A total of 282 subjects aged 2–13 years old were involved in this study. Baseline characteristics of 282 subjects were reported before treatment. Age, sex ratio and course of disease were recorded and are shown in Table 3.

Table 3.

Baseline characteristics and demography.

Character  Patients 
Number of subjects  282 
Age (years), mean±SD  7.32±2.56 
Male sex (%)  69.15 (n=195) 
Female sex (%)  30.85 (n=87) 
Years with AR  2.51±1.86 
Effects on rhinitis symptom scores, TMS and VAS

After two-year SLIT, the four rhinitis symptom scores, TNSS, VAS and TMS scores were significantly lower than baseline (Sneezing: Z=16.243; Rhinorrhoea: Z=16.488; Nasal obstruction: Z=17.450; Itching: Z=17.138; TNSS: Z=21.657; VAS: Z=21.690; TMS: Z=20.108, all P<0.05).

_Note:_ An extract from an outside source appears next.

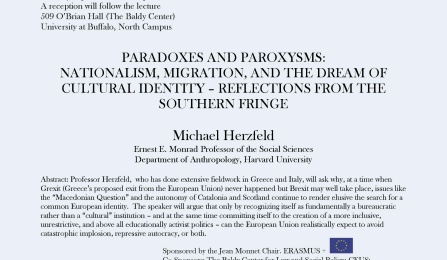 Abstract: Professor Michael Herzfeld, who has done extensive fieldwork in Greece and Italy, will ask why, at a time when Grexit (Greece’s proposed exit from the European Union) never happened but Brexit may well take place, issues like the “Macedonian Question” and the autonomy of Catalonia and Scotland continue to render elusive the search for a common European identity. He will argue that this search actually represents a political rhetoric that is inherently and demonstrably divisive. Given the rapid erosion of clear geographical, cultural, and even genetic definitions of “Europe,” the “idea of Europe” looks increasingly parochial, a desperate attempt by countries formerly dominating the world to recreate their hegemony more locally, while the “fringe” countries that bear the brunt of this process are increasingly responding to such developments with populist versions of 19th-century romantic nationalism and with attendant claims to magnificent histories as the bedrock of an idealized European identity. By asking how these tensions play out in the intimate spaces studied by anthropologists, the speaker will argue that only by recognizing itself as fundamentally a bureaucratic rather than a “cultural” institution – and at the same time committing itself to the creation of a more inclusive, unrestrictive, and above all educationally activist politics – can the European Union realistically expect to avoid catastrophic implosion, repressive autocracy, or both.

After two-year SLIT, compared with half one year duration, all scores in patients were significantly decreased (Sneezing: Z=6.996; Rhinorrhoea: Z=9.752; Nasal obstruction: Z=9.426; Itching: Z=9.459; TNSS: Z=13.373; VAS: Z=12.231; TMS: Z=8.382, all P<0.05).

The comparison of efficacy between one and two-year duration showed no significant difference in global clinical outcomes (Sneezing: Z=2.202; Rhinorrhoea: Z=1.027; Nasal obstruction: Z=0.130; Itching: Z=0.719; TNSS: Z=2.022; VAS: Z=2.348; TMS: Z=0.147, all P>0.05) (Fig. 1a–d).

Figure 1.

Four rhinitis symptom scores, TNSS, VAS and TMS scores before and after SLIT treatment. (a) Four rhinitis symptom scores, (b) TNSS, (c) VAS, and (d) TMS. There was a significant decline in four rhinitis symptom scores, TNSS, VAS and TMS scores after treatment (*P<0.05, #P>0.05, compared with the baseline value). SLIT=sublingual immunotherapy; TNSS=total nasal symptom score; VAS=visual analogue scale; TMS=total medication score.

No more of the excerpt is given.